*** THE INPUT ***
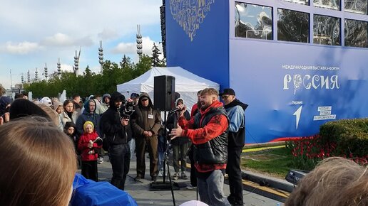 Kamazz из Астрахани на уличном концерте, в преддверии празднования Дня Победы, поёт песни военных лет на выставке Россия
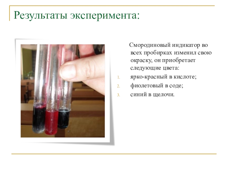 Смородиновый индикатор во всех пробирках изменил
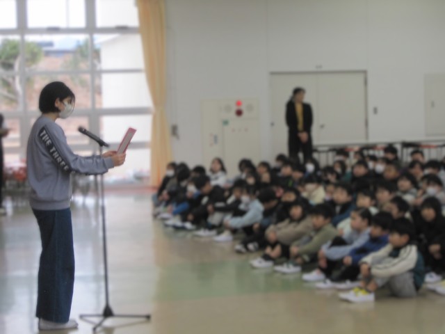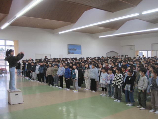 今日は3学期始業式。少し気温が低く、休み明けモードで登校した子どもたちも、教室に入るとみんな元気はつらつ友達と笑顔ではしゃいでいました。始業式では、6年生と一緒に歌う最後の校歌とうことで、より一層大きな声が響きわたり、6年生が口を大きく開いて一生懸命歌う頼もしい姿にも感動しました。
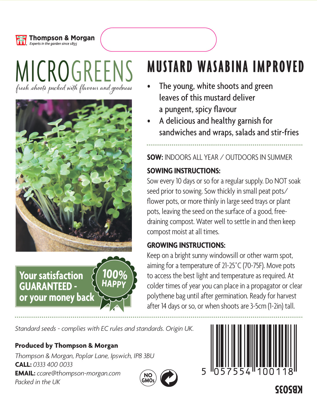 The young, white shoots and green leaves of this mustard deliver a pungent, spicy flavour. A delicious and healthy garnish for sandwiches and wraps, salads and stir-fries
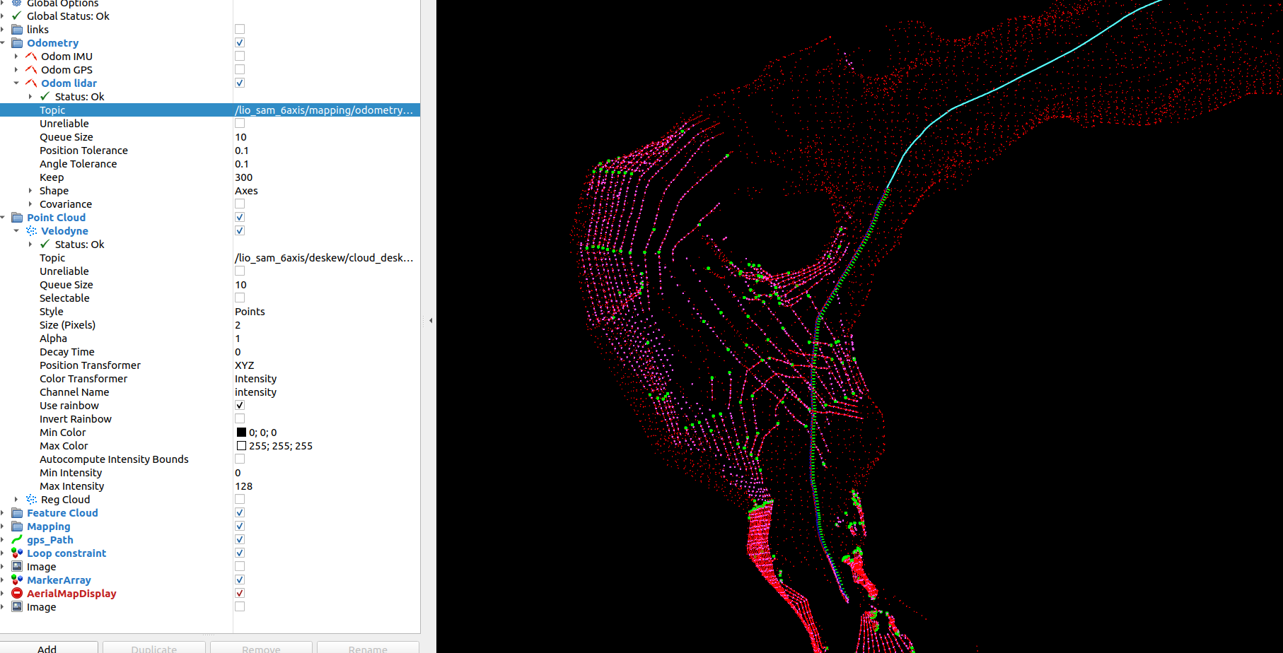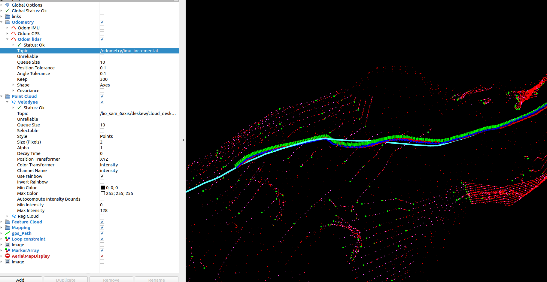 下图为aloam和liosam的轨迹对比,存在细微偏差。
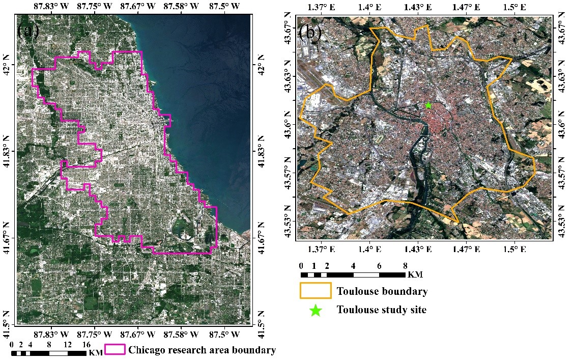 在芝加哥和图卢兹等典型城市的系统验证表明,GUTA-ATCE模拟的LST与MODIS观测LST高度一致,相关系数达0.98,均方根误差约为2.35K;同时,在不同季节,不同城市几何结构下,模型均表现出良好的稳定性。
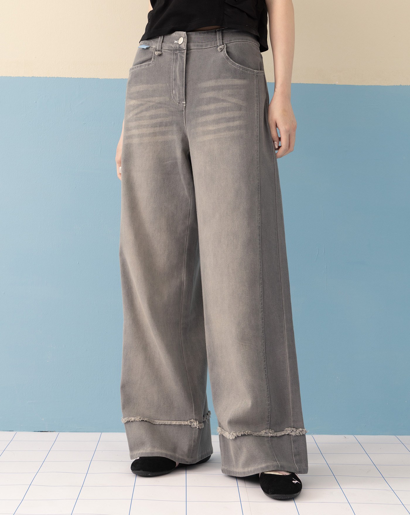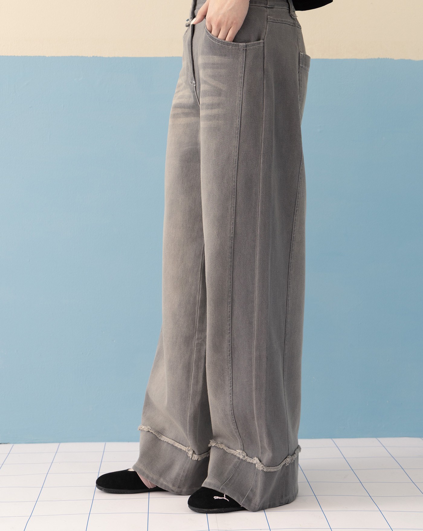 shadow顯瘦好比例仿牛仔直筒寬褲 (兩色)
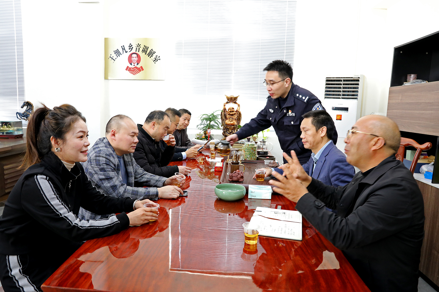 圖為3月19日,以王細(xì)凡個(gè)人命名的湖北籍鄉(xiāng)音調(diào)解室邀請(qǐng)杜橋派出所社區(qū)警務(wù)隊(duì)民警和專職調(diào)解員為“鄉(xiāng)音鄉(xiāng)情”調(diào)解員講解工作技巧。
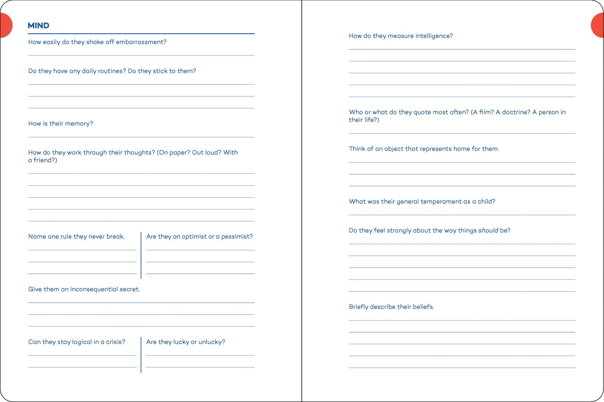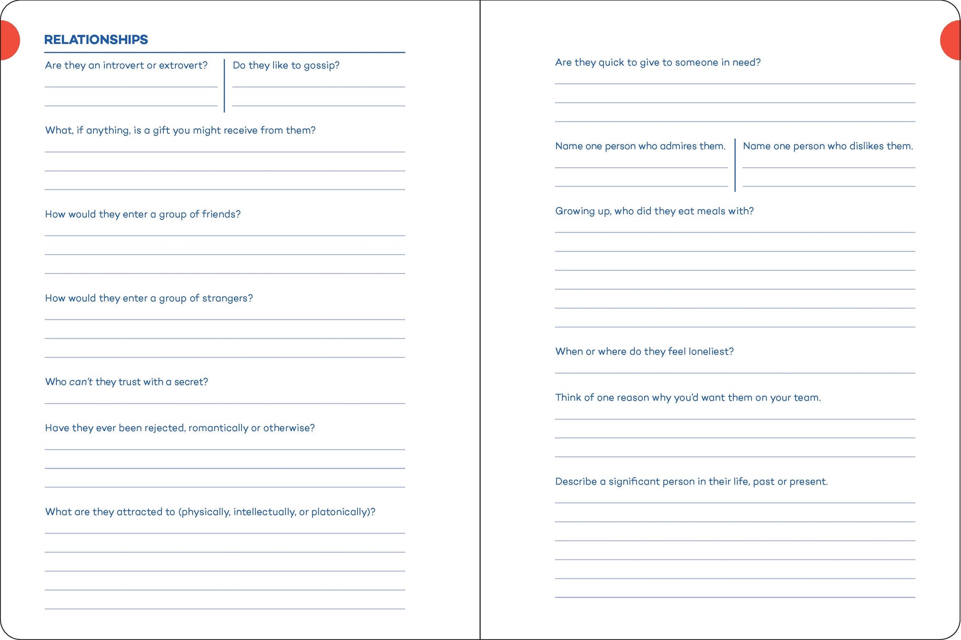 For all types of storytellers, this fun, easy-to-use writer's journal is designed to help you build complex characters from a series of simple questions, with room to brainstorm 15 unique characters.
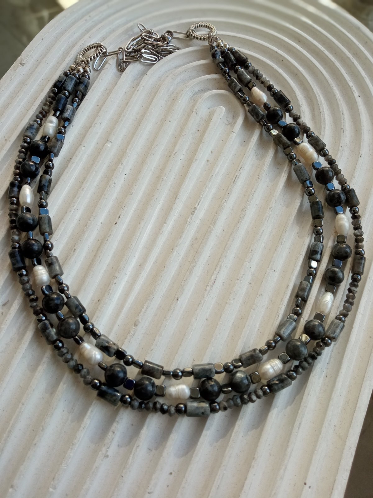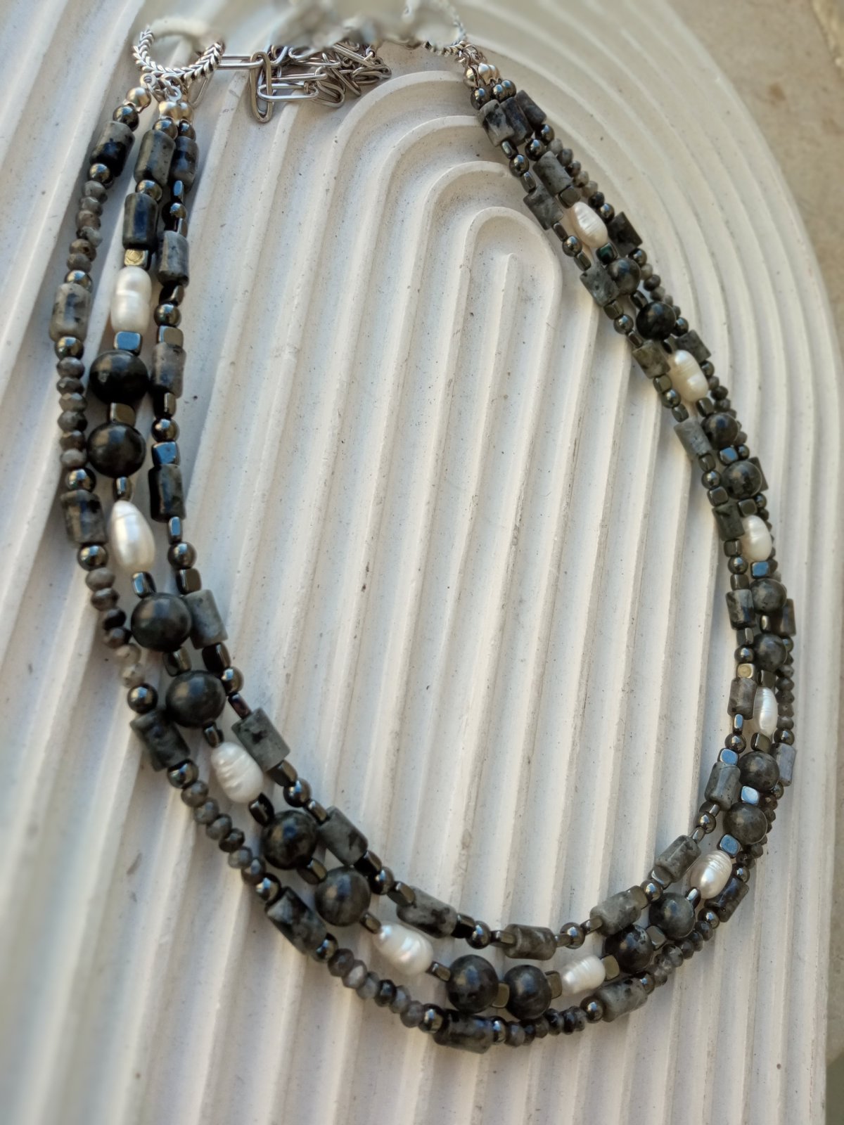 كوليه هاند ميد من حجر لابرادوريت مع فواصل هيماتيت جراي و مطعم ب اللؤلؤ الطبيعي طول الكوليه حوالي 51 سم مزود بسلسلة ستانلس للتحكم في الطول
*** End of THE INPUT ***
▶ PROBLEM TO SOLVE: Without the pictures, restate all the entries above exactly.

▶ WRITTEN ANSWER:
 Kamazz из Астрахани на уличном концерте, в преддверии празднования Дня Победы, поёт песни военных лет на выставке Россия
 Смородиновый индикатор во всех пробирках изменил
 今日は3学期始業式。少し気温が低く、休み明けモードで登校した子どもたちも、教室に入るとみんな元気はつらつ友達と笑顔ではしゃいでいました。始業式では、6年生と一緒に歌う最後の校歌とうことで、より一層大きな声が響きわたり、6年生が口を大きく開いて一生懸命歌う頼もしい姿にも感動しました。
 The young, white shoots and green leaves of this mustard deliver a pungent, spicy flavour. A delicious and healthy garnish for sandwiches and wraps, salads and stir-fries
 下图为aloam和liosam的轨迹对比,存在细微偏差。
 在芝加哥和图卢兹等典型城市的系统验证表明,GUTA-ATCE模拟的LST与MODIS观测LST高度一致,相关系数达0.98,均方根误差约为2.35K;同时,在不同季节,不同城市几何结构下,模型均表现出良好的稳定性。
 shadow顯瘦好比例仿牛仔直筒寬褲 (兩色)
 圖為3月19日,以王細(xì)凡個(gè)人命名的湖北籍鄉(xiāng)音調(diào)解室邀請(qǐng)杜橋派出所社區(qū)警務(wù)隊(duì)民警和專職調(diào)解員為“鄉(xiāng)音鄉(xiāng)情”調(diào)解員講解工作技巧。
 For all types of storytellers, this fun, easy-to-use writer's journal is designed to help you build complex characters from a series of simple questions, with room to brainstorm 15 unique characters.
 كوليه هاند ميد من حجر لابرادوريت مع فواصل هيماتيت جراي و مطعم ب اللؤلؤ الطبيعي طول الكوليه حوالي 51 سم مزود بسلسلة ستانلس للتحكم في الطول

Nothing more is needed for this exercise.